_TO DO_. Starting at the first line of the listing below, repeat each line exactly until you have repeated the one containing "Em tecido cetim plissado."; skip the pictures.

_GIVEN DATA_.
+---+

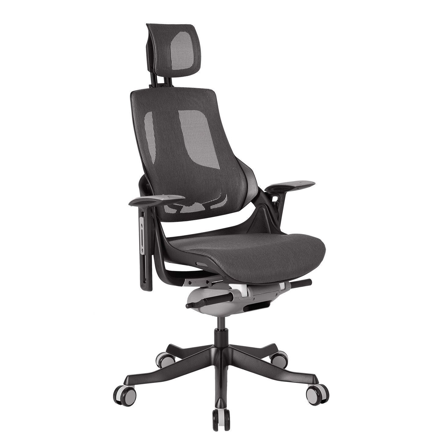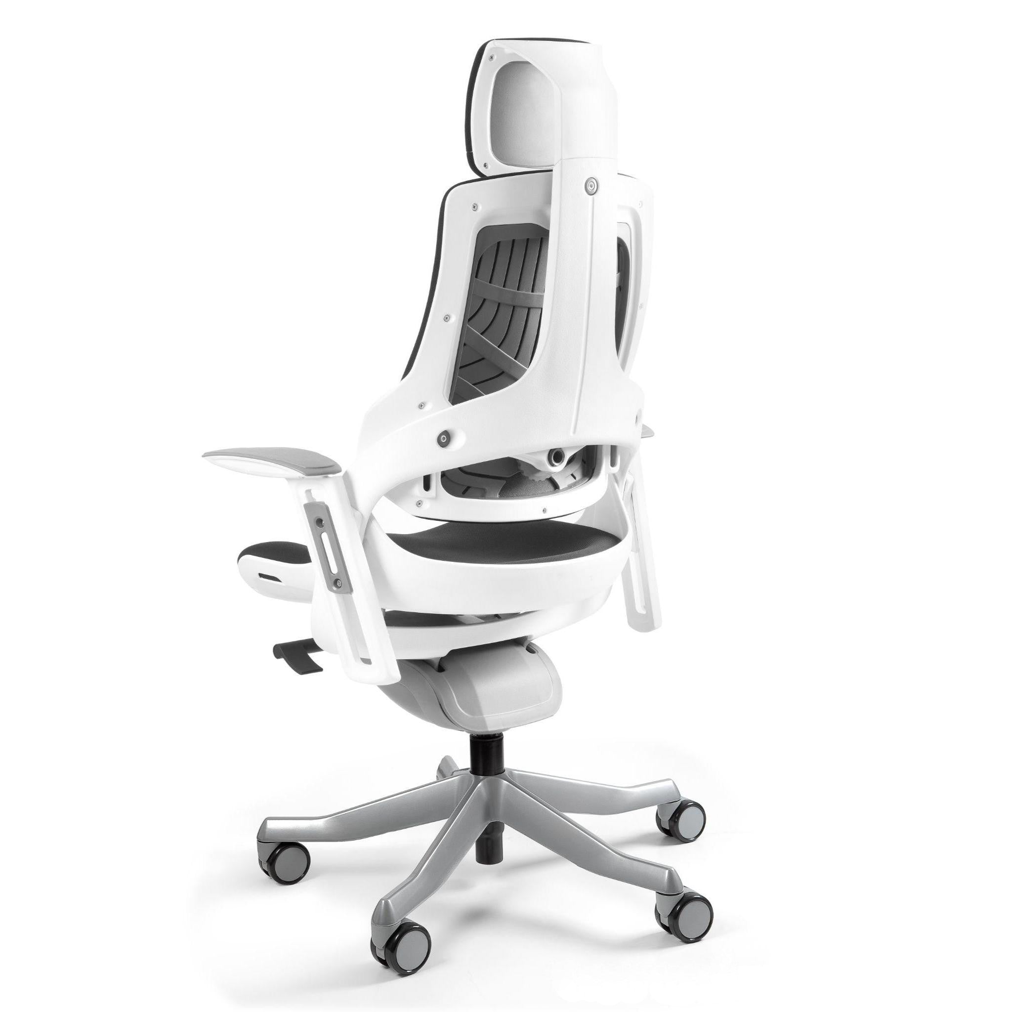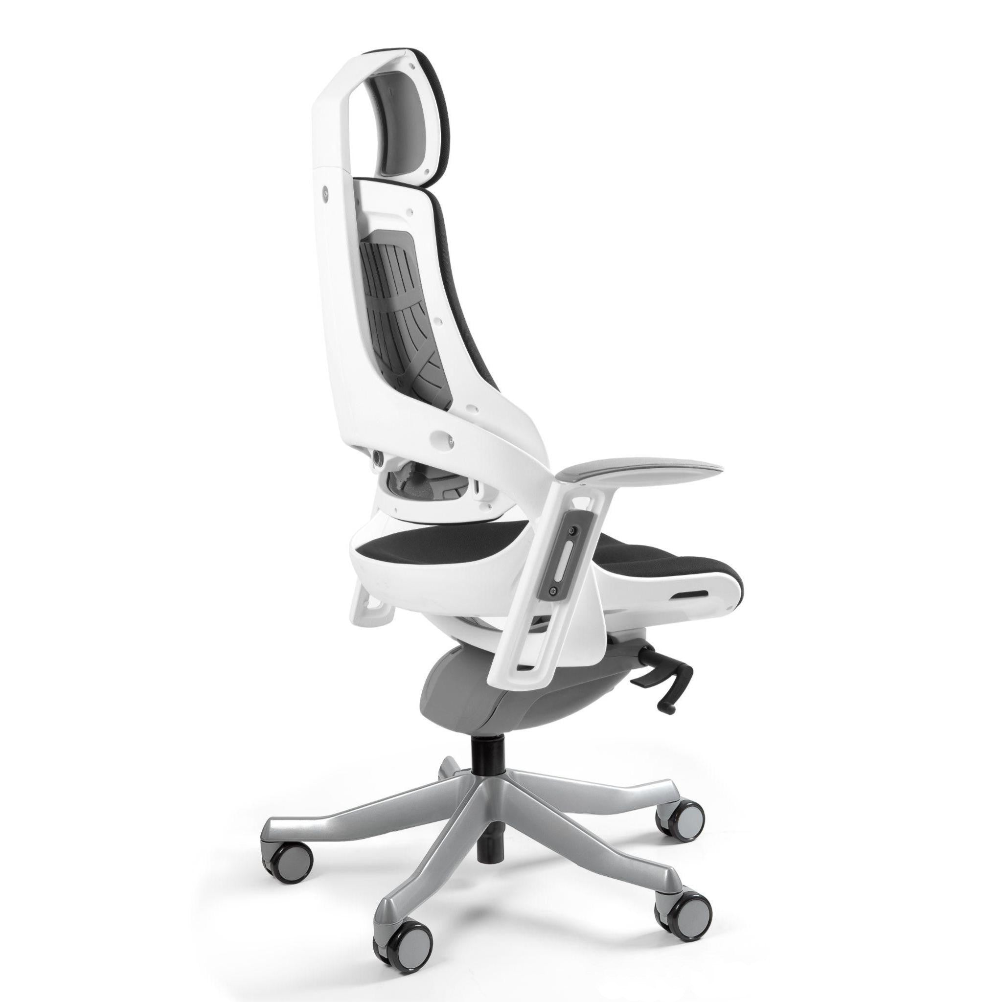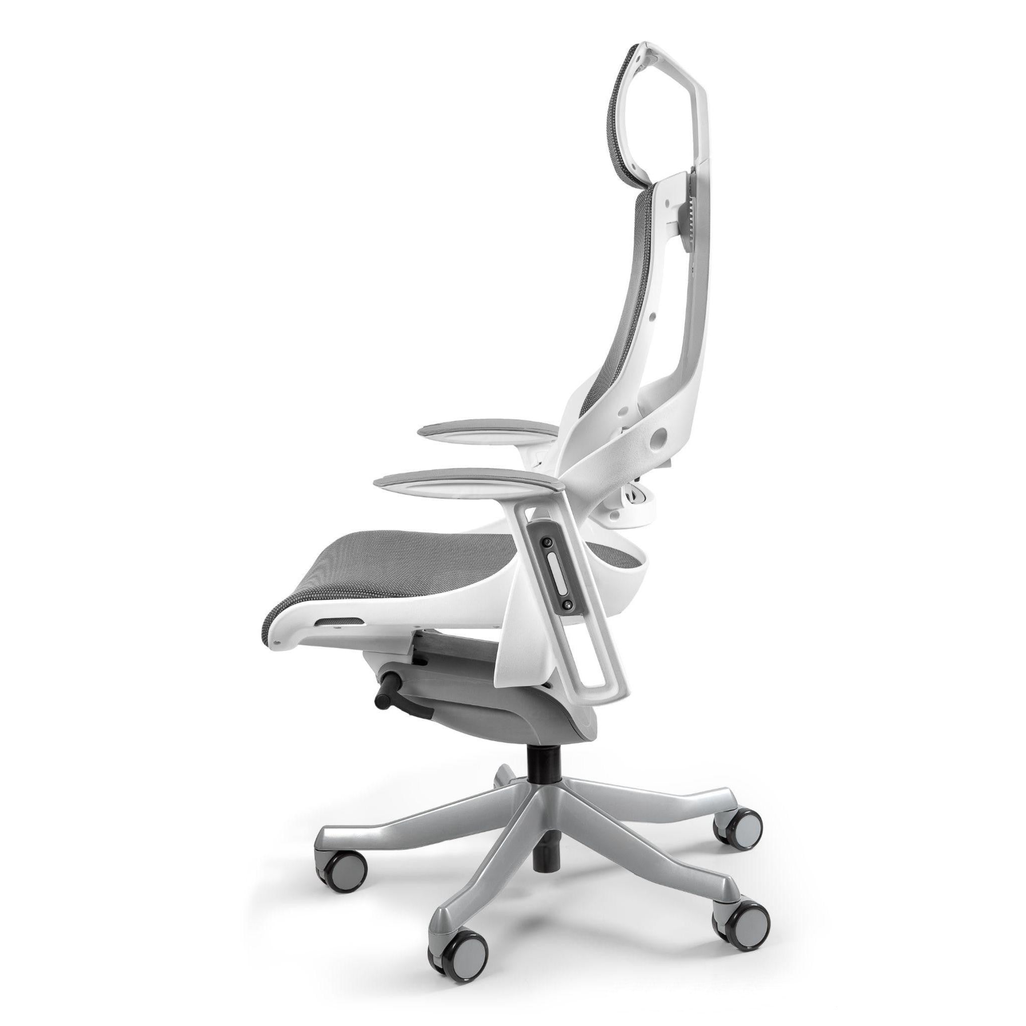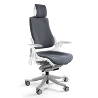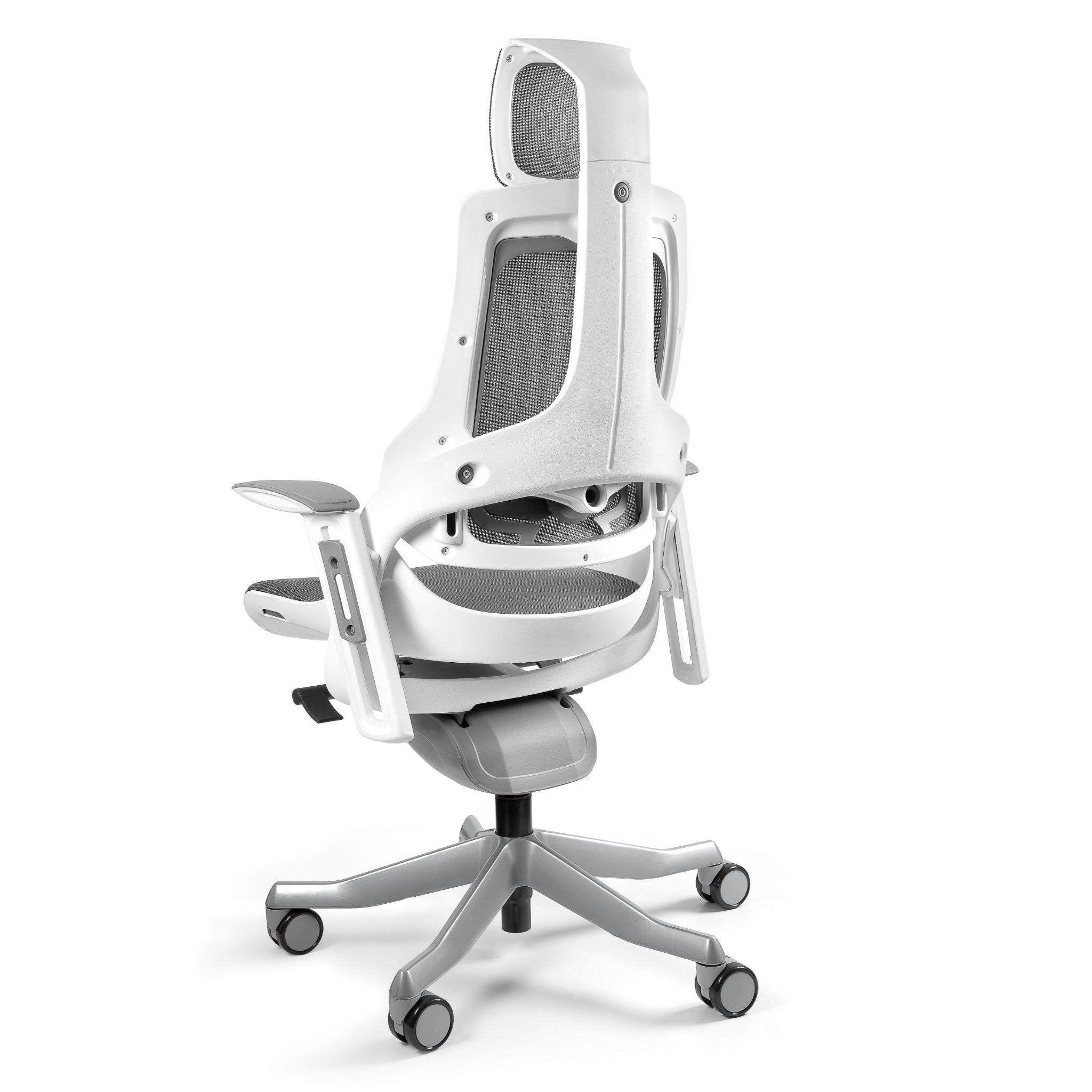 "Wau" tuo sinulle ergonomisten tuolien erinomaisuuden. Sujuva synkroninen mekanismi auttaa lukitsemaan kallistusasennon useisiin asentoihin. Keinun jäykkyys on säädettävissä istuimen painon mukaan. Voit myös säätää selkänojan kaarevuutta ja käsinojien pyörimiskulmaa.
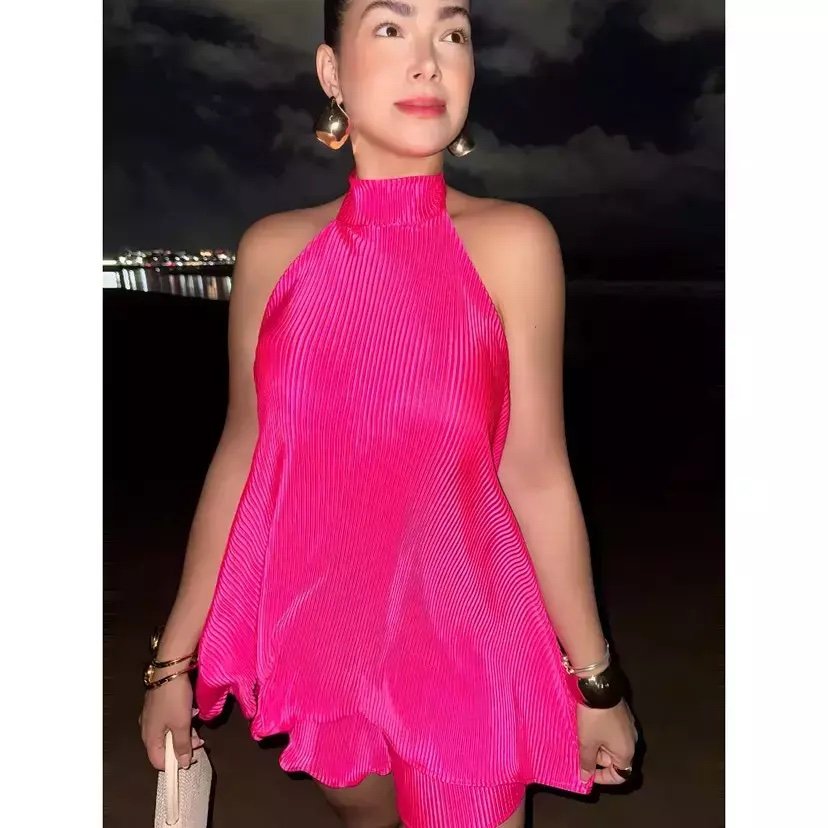 Em tecido cetim plissado.
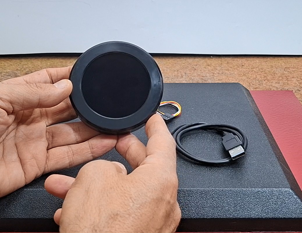 Today I received a shipment with a large round LCD display from Elecrow. The device is packed in two boxes so that it is fully protected from damage during transportation. Inside there is a display, a USB cable for power and communication, as well as an additional cable for connecting an external module.

+---+

_SOLUTION BELOW_.
 "Wau" tuo sinulle ergonomisten tuolien erinomaisuuden. Sujuva synkroninen mekanismi auttaa lukitsemaan kallistusasennon useisiin asentoihin. Keinun jäykkyys on säädettävissä istuimen painon mukaan. Voit myös säätää selkänojan kaarevuutta ja käsinojien pyörimiskulmaa.
 Em tecido cetim plissado.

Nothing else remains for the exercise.